Che stupido pasticcio, pensò sconsolata; ed ebbe la tentazione di fuggire via. Ma era davvero troppo tardi. Anya e suo padre si stavano scambiando sguardi interessati.

Buffy dovette presentargli Anya, che le tese languidamente una mano carica di anelli. Lui la tenne nella sua più a lungo del necessario, poi le fece uno dei suoi sorrisi enigmatici. “Le piacciono i gioielli, signorina Jenkins?”

Lei sorrise maliziosamente. “Sono come tutte le donne, signor Giles, mi piacciono le cose belle.”

“Chiamami Rupert”, disse lui. “E cosa fa per guadagnare i soldi per comprarsi le belle cose che le piacciono?”.

“Sono una cantante, una cantante molto brava. Ho cantato nei migliori locali di San Francisco. Ora sono qui in vacanza. Ero venuta per vedere se sarebbe stato possibile lavorare qui nel futuro e ho deciso che è un posto molto bello.

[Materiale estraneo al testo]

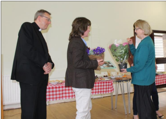
With all our love and thanks...

E dato che Buffy e io siamo amiche, si è offerta di chiederle se avesse contatti con gli alberghi più grandi”, mentì spudoratamente Anya.

“Conosco qualcuno”, rispose prendendo il braccio della ragazza. “Andiamo nel mio ufficio a discuterne.”

Senza neanche salutare Buffy, Anya si lasciò condurre da Rupert nell’ufficio privato.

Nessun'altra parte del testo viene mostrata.